Step 1: Understanding the Concept:
We are applying Bohr's quantization condition to a charged particle in a magnetic field.
In this scenario, the magnetic Lorentz force acts as the required centripetal force for circular motion.
Bohr's quantization postulates that angular momentum must be an integral multiple of $h/(2\pi)$.
Step 2: Key Formula or Approach:
Equating centripetal force and magnetic force: $\frac{mv^2}{r} = qvB \implies v = \frac{qBr}{m}$.
Bohr's angular momentum quantization: $mvr = \frac{nh}{2\pi}$.
The total energy of a particle moving purely in a magnetic field is entirely kinetic: $E = \frac{1}{2}mv^2$.

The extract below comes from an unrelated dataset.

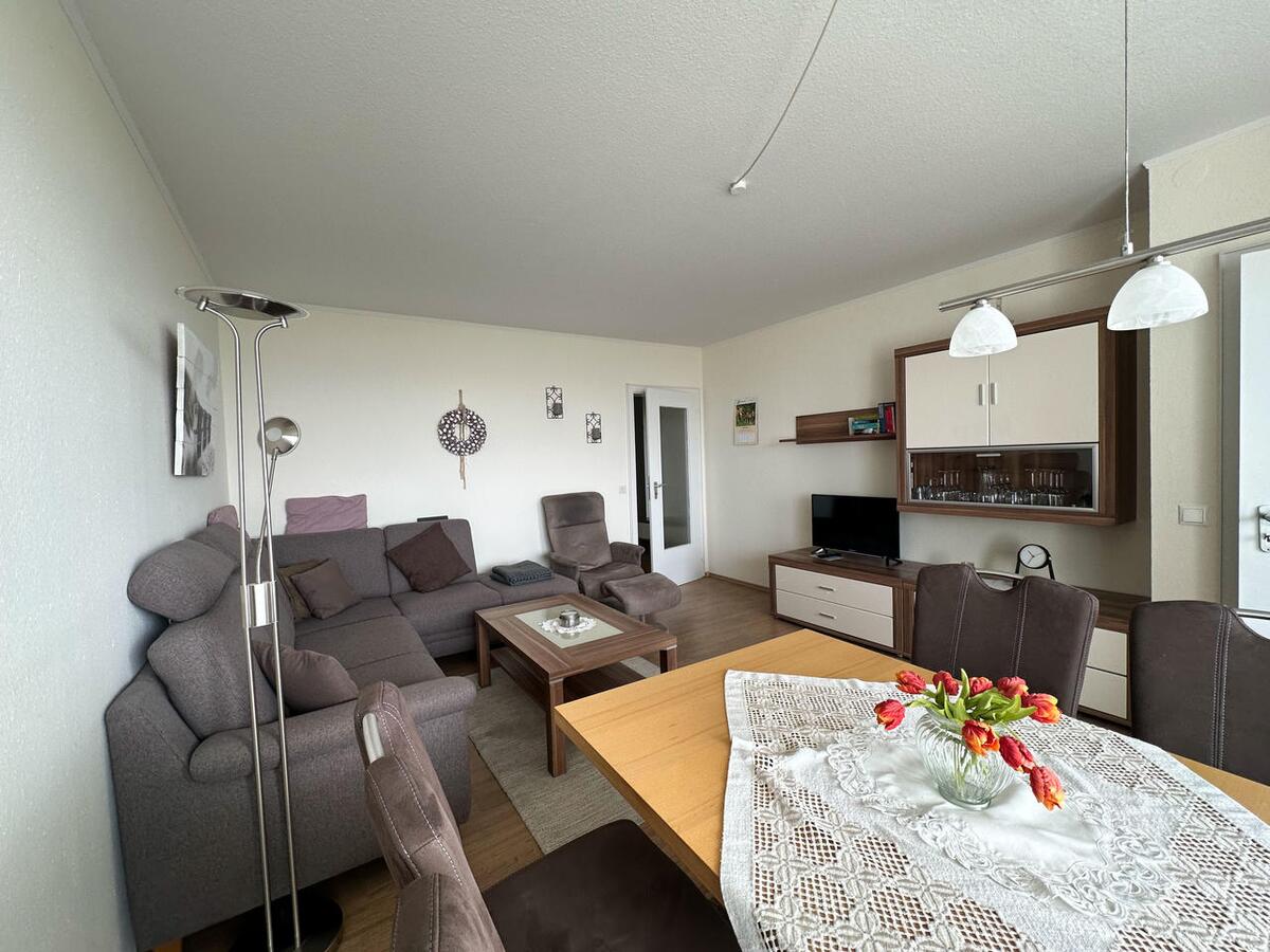 Der helle Wohnraum ist komfortabel eingerichtet mit einer Doppelschlafcouch, einem Flachbild-TV und einem Essplatz für 4 Personen.

Step 3: Detailed Explanation:
From the force equation, we find the expression for velocity:
\[ v = \frac{qBr}{m} \]
Substitute this velocity into the angular momentum quantization equation:
\[ m \left(\frac{qBr}{m}\right) r = \frac{nh}{2\pi} \]
Simplify the left side to isolate $r^2$:
\[ qB r^2 = \frac{nh}{2\pi} \]
\[ r^2 = \frac{nh}{2\pi qB} \]
The energy of the particle is solely its kinetic energy:
\[ E = \frac{1}{2}mv^2 \]
Square the velocity expression derived earlier: $v^2 = \frac{q^2 B^2 r^2}{m^2}$.
Substitute this into the energy equation:
\[ E = \frac{1}{2} m \left(\frac{q^2 B^2 r^2}{m^2}\right) = \frac{q^2 B^2 r^2}{2m} \]
Now, substitute the expression for $r^2$ into this energy equation:
\[ E = \frac{q^2 B^2}{2m} \left(\frac{nh}{2\pi qB}\right) \]
Simplify by canceling $q$ and $B$:
\[ E = \frac{n q B h}{4\pi m} \]
The question asks for the energy in the second level, which means $n = 2$.
Substitute $n=2$ into the energy formula:
\[ E_2 = \frac{2 \cdot q B h}{4\pi m} \]
Simplify the fraction:
\[ E_2 = \frac{q B h}{2\pi m} \]
Step 4: Final Answer:
The energy in the second level is $\frac{\text{qBh}}{2\pi\text{m}}$.